С противоположной стороны улицы, забившись между камнями в стене, рыжая с чёрными ушами дворняга провожала меня сонным мутным взглядом.
Белое солнце застыло в белом небе.
Дома было тихо. Я прошёлся по пустым комнатам. Нашёл в кресле кипу новых журналов и, листая их, пошёл на кухню чего-нибудь проглотить.
Пришла мама. Вначале я не услышал её быстрых шагов из-за глуховатой мелодии, прорывающейся из приёмника, а потом она заглянула на кухню.
- Пик! - сказала она, улыбаясь. - Здравствуй!
- Здравствуй, ма, - сказал я, жуя.
Журналы были отложены в сторону. Я не люблю читать за едой.
- Ты давно пришёл? - спросила она, осторожно трогая причёску. На её лице, свежем, юном, ещё очень красивом, появилось озабоченное выражение.
- Нет, недавно.
- А что ты ешь?
- Я уже всё, - сообщил я, вставая из-за стола, подошёл к маме, легонько коснулся губами её щеки. - Ты такая красивая сегодня!
- Правда? - На её лице появилась сияющая улыбка. - А как у тебя дела в школе?
Школа была необитаема. Я задумался.
- Прекрасно, - сказал я.
- Давно ты там был? - Взгляд у мамы стал очень внимательным. Проницательным.
- Совсем недавно, - сказал я. - Ну как всегда. Ты же знаешь.

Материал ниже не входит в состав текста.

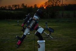 besteht aus einem Skywatcher 80/600 mm ED Pro Apo-Refraktor als Hauptinstrument,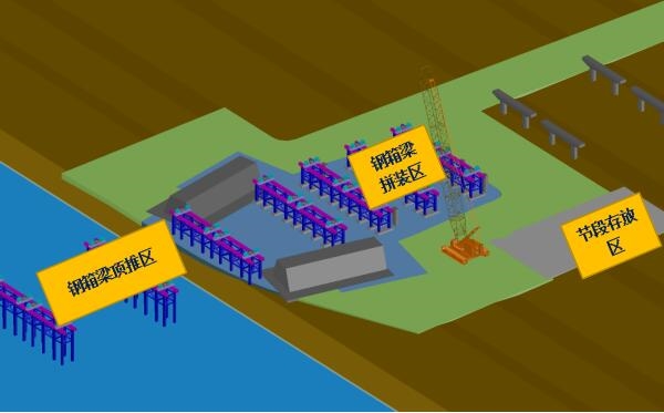 為避免河道水資源污染,確保航道通暢,箱梁采用整節(jié)段拼裝、頂推施工工藝。主橋鋼結(jié)構(gòu)現(xiàn)場(chǎng)施工分為鋼箱梁頂推和拱肋吊裝兩部分,鋼箱梁塊段運(yùn)輸至現(xiàn)場(chǎng)的拼裝支架上組拼成大塊段節(jié)段,焊接完成整體后進(jìn)行頂推施工(鋼箱梁頂推施工期間, 18#、21#墩引橋側(cè)高蓋梁暫不施工,主橋側(cè)支座墊石正常施工),依次循環(huán),直至鋼箱梁全部頂推完成。拱肋放置于鋼箱梁對(duì)應(yīng)位置一同頂推到位,鋼箱梁整體落梁至頂推臨時(shí)支架上,2臺(tái)400t履帶吊上橋進(jìn)行拱肋支架安裝和拱肋安裝。過(guò)程中通過(guò)整體頂推設(shè)備控制程序自動(dòng)調(diào)節(jié),確保設(shè)備的協(xié)調(diào)同步。

Ты же всё у меня знаешь.
Она вдруг погрустнела при этих словах.
- Мне нужно поговорить с тобой, мой мальчик, - сказала она. - Пойдём.
Я вздохнул и посмотрел на неё укоризненно.

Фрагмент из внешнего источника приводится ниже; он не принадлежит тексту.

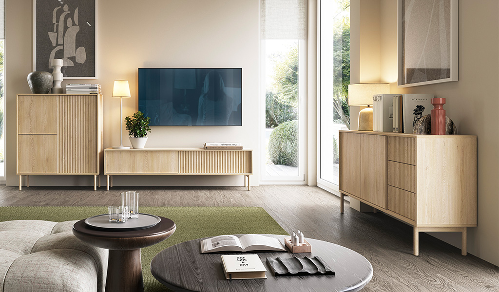 A TAVO nappali bútor garnitúra a modern design és a praktikus funkciók kombinációját nyújtja. A cremona tölgy szín meleg, barátságos és természetes hangulatot teremt majd az otthonában. Minden bútorelem minőségi anyagokból készül, elsősorban strapabíró MDF bútorlapból, amelyet elegáns fa lábak és látványos bordázott előlapok egészítenek ki. Ezek együtt biztosítják a bútorcsalád egyedi, mégis időtálló megjelenését. A mindennapi használatot az átgondolt részletek teszik igazán kényelmessé: a push-to-open fogantyú nélküli rendszerrel könnyedén nyithatók a szekrényajtók, a fiókok pedig golyóscsapágyas fióksíneken mozognak, így halkan és simán csúsznak.

- Зачем это нужно? - мягко сказал я. - Совсем это не нужно.
- Нет, нужно, - сказала она, подталкивая меня в спину.
Я собрал журналы, мы пошли в гостиную, и мама, усадив меня на диван, села рядом и наморщила лоб.

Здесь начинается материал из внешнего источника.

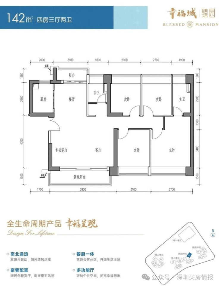 四单元:56F 3梯4户 96-142㎡3-4房;

- Мальчик, эти обстоятельства... рядом с которыми тебя иногда видят, они волнуют меня. Их во многом подозревают. Это очень неразумно.
- Ты напрасно тревожишься, - сказал я успокаивающе, но мама продолжала: - Сейчас они обратили свой взгляд на Корку, и его родители очень волнуются. Я разговаривала с ними и, поверь, ты сам себе не представляешь, насколько эти обстоятельства обманчивы, коварны. Я совсем не хочу, чтобы с тобой ничего не происходило.
- Повторяю, - сказал я терпеливо. - Ничего страшного я не вижу. Ты лучше скажи, Лагуна не приходил?
- Нет, кажется. Ты у Экзотики спроси.